When we whittle early intervention down to its core, I think it’s all about interactions. Interactions between the child and caregiver, first and foremost…interactions between the child and the environment (toys, sofa cushions, spoons and cups, buttons on the TV remote, the family dog)…interactions between the EI practitioner and caregiver that facilitate positive interactions with the child in the natural environment. See where I’m going here? It’s all related to positive, reciprocal, contingent interactions.

Translating our Super Powers

The Division for Early Childhood (DEC) Recommended Practices provide our field with a list of five interaction practices that we can use to “promote specific child outcomes” (p 14) when working with families. As early interventionists, we often have super powers related at using these practices – we know how to use our voices and language to engage children, how to observe behavior and encourage reciprocal communication, and how to help children sustain interactions and respond to the environment.
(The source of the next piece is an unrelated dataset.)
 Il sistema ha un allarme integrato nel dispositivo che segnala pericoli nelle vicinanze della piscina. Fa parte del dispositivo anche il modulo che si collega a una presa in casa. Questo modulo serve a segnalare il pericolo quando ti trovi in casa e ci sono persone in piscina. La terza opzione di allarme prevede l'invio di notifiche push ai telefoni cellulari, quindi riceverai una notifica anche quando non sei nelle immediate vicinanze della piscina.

Our use of our super powers won’t ever be enough, though. We have to use what we know to help others interact with the child in ways that boost development and learning. When caregivers use recommended practices for interaction, the child has more opportunities to develop social skills, communication, cognition, and independence throughout the day. Those daily interactions are what really matter.
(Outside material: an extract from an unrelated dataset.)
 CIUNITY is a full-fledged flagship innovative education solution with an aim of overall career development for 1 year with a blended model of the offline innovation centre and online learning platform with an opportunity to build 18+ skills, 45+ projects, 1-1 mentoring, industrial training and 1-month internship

Helping Caregivers Use the DEC Interaction Practices

Let’s consider the first three practices, which focus on promoting social and communicative interactions.
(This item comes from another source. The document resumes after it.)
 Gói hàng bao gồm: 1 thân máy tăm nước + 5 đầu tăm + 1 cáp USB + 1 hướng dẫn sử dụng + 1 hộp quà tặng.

INT1. Practitioners promote the child’s social-emotional development by observing, interpreting, and responding contingently to the range of the child’s emotional expressions.

Early interventionists are great resources for caregivers in helping them observe and interpret their child’s behavior. This is especially helpful with children who communicate in ways that are harder to understand, such as children who may have autism or those with multiple disabilities. The interventionist can help the caregiver notice the child’s attempts to engage and communicate. Then, they can figure out how the caregiver can respond in ways that help the child learn the benefits of engaging others.

Example: An educator sees a child’s tendency to stroke his mother’s hair as an attempt to engage the mother and feel close to her. The mother originally found the “hair pulling” slightly annoying, but when she sees the possibility that it represents affection from her child, she can respond to the child with a warm smile and voice, encouraging rather than discouraging the interaction.

INT2. Practitioners promote the child’s social development by encouraging the child to initiate or sustain positive interactions with other children and adults during routines and activities through modeling, teaching, feedback, or other types of guided support.

Early interventionists can help caregivers seek out opportunities for the child to interact by observing typical routines, especially those that the caregiver and child enjoy together. By asking the caregiver open-ended questions (“What makes your child laugh? What do you like to do together? When do you do to spend time together? What would you like to do together?), the interventionist can identify activities to target for intervention.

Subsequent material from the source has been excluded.